Зачем он шел долиной чудной слез,

Страдал, рыдал, терпел, исчез.

Примеры Пушкина и Батюшкова показывают два разных источника, из которых формировался специфический литературно-психиатрический язык: исследования и наука с одной стороны, личный опыт и глубокая психоаналитическая интуиция – с другой.

В конце XIX века контуры новой литературы, объединяющей технику и вдохновение, проступают все четче. Такова была особенность эпохи модернизма: современность требовала непрерывного движения вперед и постоянных «консультаций» с ведущими психиатрами-теоретиками. Отклонения от нормы, попадающие в литературу, все больше медикализируются. В середине XIX века получает популярность жанр «патографии» – полухудожественного и полупсихиатрического повествования о душевных болезнях великих людей. Интерес к такой литературе связан был как с развитием психиатрии, так и с утвердившимся стараниями романтиков образом гения как человека «не от мира сего».

Сюжет, который использовал Пушкин в «Пиковой даме» (почерпнув приемы для него в книге по психиатрии), продолжал свое шествие по европейской литературе. Эдгар По, главный автор американского романтизма, использовал его неоднократно. Читатель не знает, безумен ли рассказчик, бредит или действительно видит и слышит призраков в рассказах «Падение дома Ашеров», «Овальный портрет», «Береника», «Уильям Уильсон» и пр. Особенность этого романтического сюжета о безумии – в том, что он позволяет расширять наши представления о действительности, поскольку читатель все время колеблется между верой и неверием в описываемое, между реальным и сверхреальным. Психическая болезнь самого По (предположительно шизоаффективное расстройство) позволяла ему во всех подробностях описывать приступы бреда, паранойи, ипохондрии, а также создала ему репутацию «безумного художника» – ценную для тех, кто следовал романтической литературной линии. Именно по этой причине им так заинтересовался Шарль Бодлер, популяризировавший лирику и рассказы По во Франции.

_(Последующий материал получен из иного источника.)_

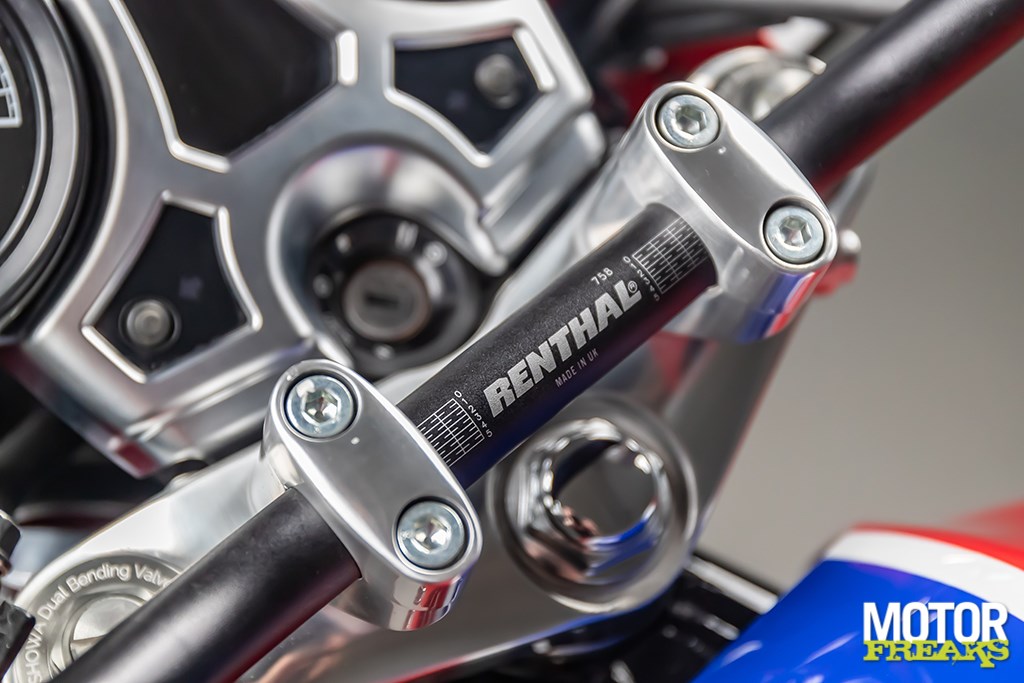 Dus maken we een sterk gelimiteerde productieserie van 54 CB1100 RS 5Four motoren, elke individueel genummerd. Het nummer is subtiel in het nummer 5 van de vernikkelde 5Four badge geëtst en in het kontje van de motor geplaatst. Het spuitwerk moest teruggrijpen naar de periode uit mijn jeugd toen Honda het WK Endurance domineerde met hun rood/wit/blauwe racers. Er zijn geen stickers gebruikt, alles is met de hand gespoten, zelfs het retro Honda logo en de vleugel."

Психиатр Жак Жозеф Моро де Тур был близок со многими представителями парижской богемы 1840-х годов. Он полагал, что безумие можно вызывать искусственно, в частности – через опьянение гашишем. В рамках психиатрического эксперимента он организовал в Париже «Клуб гашишистов», среди членов которого были Теофиль Готье, Эжен Делакруа, Шарль Бодлер, Жерар де Нерваль, Александр Дюма-отец. Клуб совмещал в себе литературный салон и психиатрический стационар: поэты и писатели, употребляя гашиш и давамеск (гашишная халва), говорили о философии и творчестве, а Моро де Тур наблюдал за ними и использовал полученные данные для прояснения природы безумия. Подход Моро де Тура оказался слишком передовым для XIX века, но был вновь возрожден в экспериментах Тимоти Лири и Станислава Грофа.

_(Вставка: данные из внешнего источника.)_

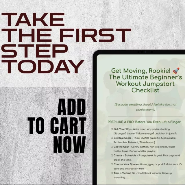 No fancy equipment or gym membership required. Just real, actionable steps in one downloadable PDF to help you prep, move, and stay consistent. This isn’t just a checklist—it’s your personal cheerleader, trainer, and progress tracker all in one.

Жерар де Нерваль, страдавший психическим расстройством французский поэт и пациент Моро де Тура, писал: «Впрочем, выздоравливая, я утратил это мимолетное озарение, которое позволяло мне понять моих товарищей по несчастью; идеи, которые обуревали меня, почти все исчезли прочь вместе с горячкой и унесли с собой ту малую толику поэзии, которая проснулась было в моей голове»[5]. По тому, как Нерваль сознательно «писал бред», исследователи заключают, что это типичная черта времени: в психиатрической практике XIX века было принято «читать бред», т. е. пользоваться для диагностики письмами, дневниками и художественной литературой эпохи[6], и соответственно, создавать «психиатрические» художественные документы.

Безумие механическое

Николай Гоголь занял в русской литературе место самого загадочного и сумеречного автора, окруженного ореолом биографического мифа о безумии. Начав с романтических историй про малороссийскую нечисть, он пришел к более мрачному пониманию природы безумия. Большой стремительно индустриализирующийся город («Петербургские повести», «Арабески») куда сильнее воздействует на психику человека, чем вольный воздух украинских сел. В «Записках сумасшедшего» (1834) обозначается первый намек на «психиатрическую» линию русской литературы: бред титулярного советника Поприщина, раздавленного бюрократической машиной Петербурга, все более сгущается, пока он не оказывается в сумасшедшем доме, где ему «льют на голову холодную воду». Поприщин, целыми днями очиняющий перья в департаменте, более не человек, а маленький механизм, и это открытие приводит его в сумасшедший дом. Гоголь описывал новейшие методы психиатрического лечения: больному выбрили голову, «великий инквизитор» (лечащий врач) выгнал его палкой из-под стула («Чрезвычайно больно бьется проклятая палка»), а самое главное – его не слышат и относятся к нему не как к живому существу, а как к вещи – такой же, какой он был в департаменте («Они не внемлют, не видят, не слушают меня»). Открытие Гоголя предвосхитило открытия XX века: государство и официальная психиатрия – единый институт, необходимый для превращения человека в машину, которая должна функционировать так, как предусмотрено. В случае поломок ее нужно отправлять на профилактику.

Модернистская литература с большим интересом отнеслась к теме «механизации» человека. Андрей Белый, анализируя влияние Гоголя на свое творчество в исследовании «Мастерство Гоголя», указывает, что именно «бред»[7] «Записок сумасшедшего» лег в основу некоторых стилевых приемов романа «Петербург». В тексте Белого бред и реальность не разделены ни по смыслу, ни по стилю: у читателя есть основания сомневаться в нормальности не только героев, но и самого повествователя: он косноязычен (афазия), перескакивает с одной мысли на другую (шизофазия), неоправданно многословен (логорея). Эти «отклонения» формируют особую семиосферу Петербурга, где помешательство стало неотъемлемой частью городского пространства (сошел с ума Евгений в «Медном всаднике», помешался Поприщин). «В Петербурге много народу, ходя, говорят сами с собой. Это город полусумасшедших» – таков был вердикт Свидригайлова из «Преступления и наказания».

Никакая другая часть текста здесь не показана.